First of all I'd just like to say what a great site you lot have here. I have spent many hours reading the various posts. I own an A4 at the mo which has been a great reliable motor but it's time for a change and I am hoping to purchase my first TT within the next week or so " MK1 225 " just need to find one that I like which is also in my price range. Once I have got my new baby I will post some pics and ask some questions!

Keep up da gud wrk all.


----------



## Wallsendmag (Feb 12, 2004)

Welcome ,have a look in the for sale section then have a look at www.ttoc.co.uk


----------



## Hoggy (May 8, 2002)

Hi arf1, Welcome to the Forum.
H.


----------



## YELLOW_TT (Feb 25, 2004)

Welcome have a look on the Auto trader web site there are loads on there at the moment


----------



## malstt (Apr 18, 2007)

welcome to the forum 8)


----------



## arf1 (Nov 23, 2008)

Thanks all

Hello YELLOW_TT, I have searched Auto Trader and there are some nice motors on there at the mo.

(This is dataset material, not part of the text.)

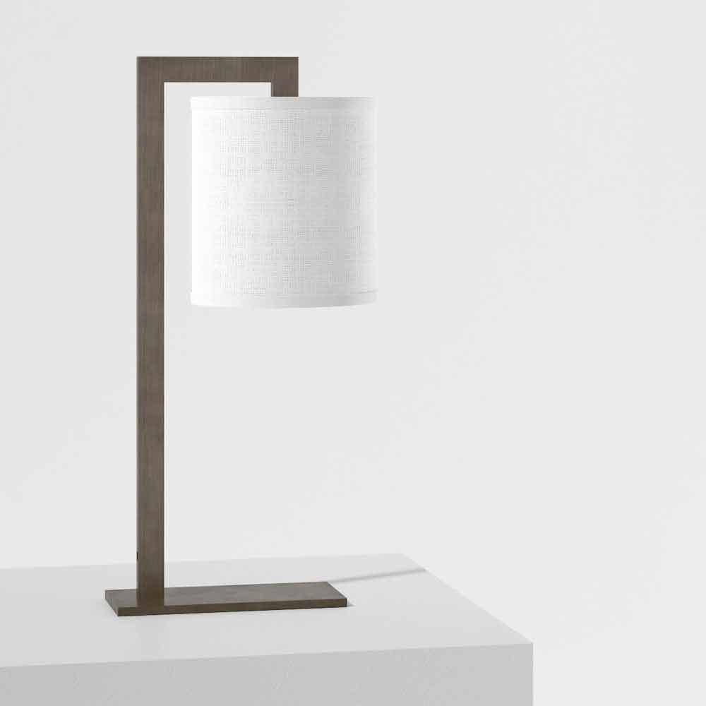 Lámpara de mesa de diseño moderno en metal con pantalla de lino Made in Italy.

I really need to sell my A4 so that I have a few extra quid to put towards moi new motor.

All the best

AJ


----------



## p1tse (Sep 20, 2004)

what's the spec, age, mileage of the a4?


----------



## arf1 (Nov 23, 2008)

Hi p1tse - 1996 2.6 quattro/v6/99.000 miles /white - mechanically sound, few small jobs needing doing ( new window motor etc + needs 1 tyre very soon)

Cheers


----------



## T3RBO (Dec 9, 2003)

Welcome to the forum


----------